Weekly Market Recap May 10

An Unforgettable Event Elevating Trading Education 

Investors face a challenge in interpreting the current market landscape. Optimism in the stock market, driven by expectations of interest rate cuts, contrasts with a weakening oil sector and a stumbling cryptocurrency market. To make informed decisions, investors need to closely monitor both economic indicators and statements from key decision-makers at central banks.

Forex: EUR/USD in Holding Pattern

The EUR/USD currency pair continues trading within a tight range below 1.0800. Market indecision is evident amid a lack of major economic data releases.
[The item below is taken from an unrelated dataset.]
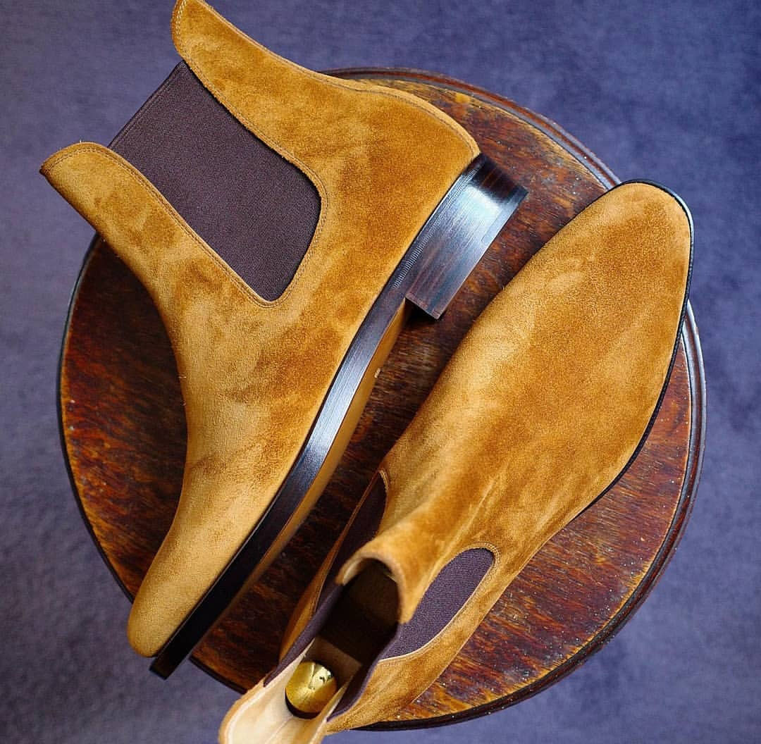 Men's Handmade Ankle Boot,Chelsea Boot,Suede Boot,Tan Boor,Dress Boot

Investors are closely monitoring both the US Federal Reserve and the European Central Bank (ECB) for possible interest rate shifts. Weakening confidence in the US economy suggests the Fed could cut rates starting in September. In contrast, easing price pressures in the Eurozone have bolstered the ECB’s plans to lower rates starting in June.

The 100-day moving average sits at 1.0831 and is the most significant resistance above the 1.0800 level. The ADX indicator shows there is not a significant trend in the market during the week, but compared to mid-April, there has been a bullish movement in the price of the currency.

Oil Prices Weaken as Iran Ramps Up Production

Oil prices have declined significantly, with WTI crude reaching its lowest levels in nearly two months earlier in the week. Markets are reacting negatively to Iran’s plans to increase oil production this year. Rising US Dollar strength has also contributed to the decline in oil prices. While ongoing tensions in the Middle East remain a concern, some analysts believe OPEC nations will balance out any supply disruptions.

Despite the price decline, WTI has remained above its 100-day moving average but is still below $80. The market got close to an oversold condition earlier in the week but has more room for lower lows, something the WTI can only achieve if it breaks the moving average and aims for a second support at around $75.66.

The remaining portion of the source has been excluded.